Türkçede masalların “bir varmış bir yokmuş” sözleriyle başladığına değinen hikâyede Cin, Gillian’ın aldığı transparan cam vazo gibi hem var hem yoktur. Peri Palas otelinin ismi de metnin kurgusallığını vurgular. Fakat Şehrazat hikayelerinin kahramanı Cin, fantastik olduğu kadar gerçektir de. Günümüzde bile Avrupa’ya hâkim oryantal Doğu fanteziyle tenis maçı izleyerek dalga geçer! Yeats, Chaucer ve Milton gibi ünlü yazarlardan alıntı veren, Gılgamış destanını anlatan, Hürrem Sultan gibi tarihteki güçlü kadınları öven roman, Doğu ve Batı kültürleri arasında bir köprü kurar.

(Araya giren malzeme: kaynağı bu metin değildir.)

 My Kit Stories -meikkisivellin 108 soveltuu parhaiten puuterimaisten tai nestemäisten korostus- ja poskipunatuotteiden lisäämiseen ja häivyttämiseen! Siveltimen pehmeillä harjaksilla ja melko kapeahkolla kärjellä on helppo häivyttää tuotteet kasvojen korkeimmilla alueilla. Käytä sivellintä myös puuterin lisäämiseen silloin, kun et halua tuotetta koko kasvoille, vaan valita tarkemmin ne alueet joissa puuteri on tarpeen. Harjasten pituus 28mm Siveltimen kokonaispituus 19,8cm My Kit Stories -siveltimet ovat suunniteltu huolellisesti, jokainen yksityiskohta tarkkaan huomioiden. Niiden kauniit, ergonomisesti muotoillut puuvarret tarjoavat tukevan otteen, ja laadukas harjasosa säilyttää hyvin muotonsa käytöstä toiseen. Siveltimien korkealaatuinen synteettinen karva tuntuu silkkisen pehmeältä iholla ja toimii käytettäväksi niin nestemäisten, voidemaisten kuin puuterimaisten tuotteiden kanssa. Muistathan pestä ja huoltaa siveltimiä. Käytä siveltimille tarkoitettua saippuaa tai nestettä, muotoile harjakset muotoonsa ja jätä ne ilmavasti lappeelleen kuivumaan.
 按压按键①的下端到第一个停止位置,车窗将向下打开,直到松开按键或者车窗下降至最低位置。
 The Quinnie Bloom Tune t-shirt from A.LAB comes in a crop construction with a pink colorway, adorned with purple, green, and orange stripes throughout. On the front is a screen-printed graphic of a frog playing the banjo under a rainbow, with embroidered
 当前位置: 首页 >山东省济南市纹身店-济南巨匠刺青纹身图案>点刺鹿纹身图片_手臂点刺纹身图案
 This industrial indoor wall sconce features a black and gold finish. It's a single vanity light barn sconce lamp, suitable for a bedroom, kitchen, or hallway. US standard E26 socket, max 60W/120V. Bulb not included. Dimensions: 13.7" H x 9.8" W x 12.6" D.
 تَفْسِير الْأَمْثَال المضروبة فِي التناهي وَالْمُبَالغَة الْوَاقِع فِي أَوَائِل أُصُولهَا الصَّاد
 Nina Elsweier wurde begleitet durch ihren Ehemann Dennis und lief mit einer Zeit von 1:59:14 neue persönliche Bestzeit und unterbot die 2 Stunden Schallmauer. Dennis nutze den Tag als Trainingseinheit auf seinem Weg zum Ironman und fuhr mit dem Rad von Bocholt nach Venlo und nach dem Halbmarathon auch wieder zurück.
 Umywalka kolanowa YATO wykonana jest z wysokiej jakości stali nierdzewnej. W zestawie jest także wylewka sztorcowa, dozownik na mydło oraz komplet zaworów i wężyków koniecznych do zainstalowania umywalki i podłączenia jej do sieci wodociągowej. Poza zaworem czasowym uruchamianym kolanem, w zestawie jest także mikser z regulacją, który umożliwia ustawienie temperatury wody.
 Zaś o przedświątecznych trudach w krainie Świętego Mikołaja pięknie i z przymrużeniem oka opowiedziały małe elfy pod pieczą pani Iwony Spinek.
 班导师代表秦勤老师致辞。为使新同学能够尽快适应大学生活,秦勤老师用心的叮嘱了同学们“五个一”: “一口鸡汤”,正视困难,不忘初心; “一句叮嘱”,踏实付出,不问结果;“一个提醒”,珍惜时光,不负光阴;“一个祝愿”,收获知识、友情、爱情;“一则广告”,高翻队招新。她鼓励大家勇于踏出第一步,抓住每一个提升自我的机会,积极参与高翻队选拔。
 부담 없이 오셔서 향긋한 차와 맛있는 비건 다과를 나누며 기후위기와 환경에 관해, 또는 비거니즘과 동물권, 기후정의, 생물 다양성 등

Bu dönem, Universitat Autonoma de Barcelona’da, birlikte proje geliştirdiğim İngiliz hocaya, Byatt’ın kısa romanından esinlenerek bir çeşmibülbül hediye ettim. İstanbul’dan kırmadan taşımayı başardığım mavi spiral desenli cam vazoya merakla bakan meslektaşıma, Gillian’ın şişesinden çıkan cini anlattım. Oldukça yoğun çalışan arkadaşımın “Bir cine çok ihtiyacım var” demesiyle başlayan keyifli sohbetimizden bir süre sonra A. S. Byatt’ın ölüm haberini aldık. Öğrenciliğimden profesörlüğe uzanan ve Milwaukee-İstanbul-Barselona ekseninde yürüyen akademik çalışmalarımda bana hep eşlik eden romanla birlikte yazarı da benim için hep hayatta olacak.
Sevgili Naz ne kadar güzel anlatmışsın geçmişten bugüne taşınan bir efsane, bir yazar ve senin akademik yolculuğunu… Byatt benim de akademik kariyerimin başında çok ilham verici olmuştu. O zamanlar İngiliz Kültür yıllık All Turkey konferansları düzenlerdi ve benim gibi çok kişi Byatt’ı bu konferanslarda dinleme ve tanışma imkanı bulmuştu. Sanırım Cevat hoca ile de oradan tanışıktı. Oya Başak hocamız da çok iyi tanırdı yazarı. O güzel günlerden bir kişi daha eksildi ne yazık! Nur içinde yatsın!
Çok teşekkürler Işıl Hanım. Beğenmenize sevindim. Byatt ve Winterson gibi kadın yazarları okuttuğunuz seçmeli dersinizi dün gibi hatırlıyorum. Sizi adeta büyülenmiş gibi dinlerdik. Yıllar boyunca sizlerden aldığım ilham yazılarıma da yansıyor.